Task description
A precise copy of the data is required, with every picture left out.

Data section

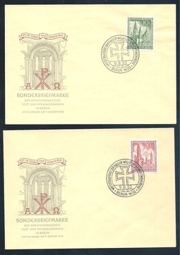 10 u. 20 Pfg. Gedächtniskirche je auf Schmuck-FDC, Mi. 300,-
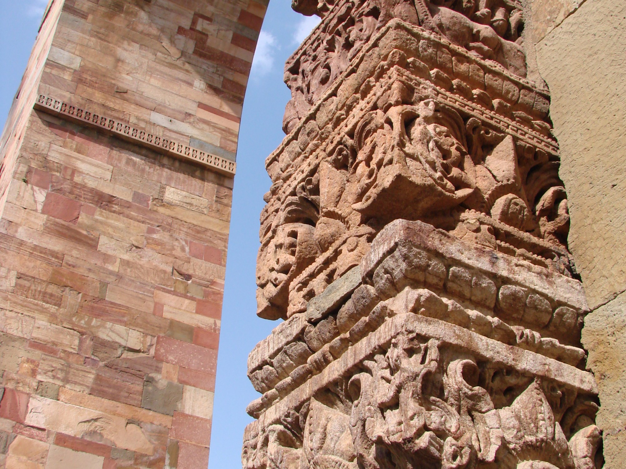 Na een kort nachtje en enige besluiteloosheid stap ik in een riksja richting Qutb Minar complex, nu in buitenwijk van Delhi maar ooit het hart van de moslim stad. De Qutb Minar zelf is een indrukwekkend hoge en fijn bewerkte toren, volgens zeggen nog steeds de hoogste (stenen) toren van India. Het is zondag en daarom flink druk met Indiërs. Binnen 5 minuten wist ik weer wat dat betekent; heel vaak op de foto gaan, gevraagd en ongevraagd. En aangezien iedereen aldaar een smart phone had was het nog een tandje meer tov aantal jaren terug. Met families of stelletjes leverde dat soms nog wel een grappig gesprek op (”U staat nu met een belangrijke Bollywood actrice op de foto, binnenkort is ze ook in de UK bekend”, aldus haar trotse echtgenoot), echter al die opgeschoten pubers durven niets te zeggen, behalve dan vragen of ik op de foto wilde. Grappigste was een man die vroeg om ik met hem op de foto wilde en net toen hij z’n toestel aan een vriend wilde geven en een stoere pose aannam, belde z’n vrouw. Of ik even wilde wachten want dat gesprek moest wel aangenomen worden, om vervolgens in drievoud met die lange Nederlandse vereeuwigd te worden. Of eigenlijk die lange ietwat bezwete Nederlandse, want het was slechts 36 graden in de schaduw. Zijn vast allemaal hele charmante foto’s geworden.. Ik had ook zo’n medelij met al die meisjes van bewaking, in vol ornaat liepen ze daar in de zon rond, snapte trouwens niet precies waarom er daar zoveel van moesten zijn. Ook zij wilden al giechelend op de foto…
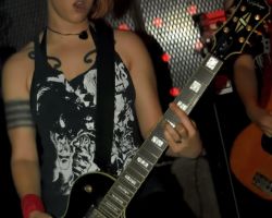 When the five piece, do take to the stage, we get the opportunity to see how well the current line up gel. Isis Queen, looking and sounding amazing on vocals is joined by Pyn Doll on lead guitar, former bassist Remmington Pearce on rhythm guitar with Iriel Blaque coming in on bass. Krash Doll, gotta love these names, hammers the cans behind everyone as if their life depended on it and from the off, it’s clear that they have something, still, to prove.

Exercise answer
 10 u. 20 Pfg. Gedächtniskirche je auf Schmuck-FDC, Mi. 300,-
 Na een kort nachtje en enige besluiteloosheid stap ik in een riksja richting Qutb Minar complex, nu in buitenwijk van Delhi maar ooit het hart van de moslim stad. De Qutb Minar zelf is een indrukwekkend hoge en fijn bewerkte toren, volgens zeggen nog steeds de hoogste (stenen) toren van India. Het is zondag en daarom flink druk met Indiërs. Binnen 5 minuten wist ik weer wat dat betekent; heel vaak op de foto gaan, gevraagd en ongevraagd. En aangezien iedereen aldaar een smart phone had was het nog een tandje meer tov aantal jaren terug. Met families of stelletjes leverde dat soms nog wel een grappig gesprek op (”U staat nu met een belangrijke Bollywood actrice op de foto, binnenkort is ze ook in de UK bekend”, aldus haar trotse echtgenoot), echter al die opgeschoten pubers durven niets te zeggen, behalve dan vragen of ik op de foto wilde. Grappigste was een man die vroeg om ik met hem op de foto wilde en net toen hij z’n toestel aan een vriend wilde geven en een stoere pose aannam, belde z’n vrouw. Of ik even wilde wachten want dat gesprek moest wel aangenomen worden, om vervolgens in drievoud met die lange Nederlandse vereeuwigd te worden. Of eigenlijk die lange ietwat bezwete Nederlandse, want het was slechts 36 graden in de schaduw. Zijn vast allemaal hele charmante foto’s geworden.. Ik had ook zo’n medelij met al die meisjes van bewaking, in vol ornaat liepen ze daar in de zon rond, snapte trouwens niet precies waarom er daar zoveel van moesten zijn. Ook zij wilden al giechelend op de foto…
 When the five piece, do take to the stage, we get the opportunity to see how well the current line up gel. Isis Queen, looking and sounding amazing on vocals is joined by Pyn Doll on lead guitar, former bassist Remmington Pearce on rhythm guitar with Iriel Blaque coming in on bass. Krash Doll, gotta love these names, hammers the cans behind everyone as if their life depended on it and from the off, it’s clear that they have something, still, to prove.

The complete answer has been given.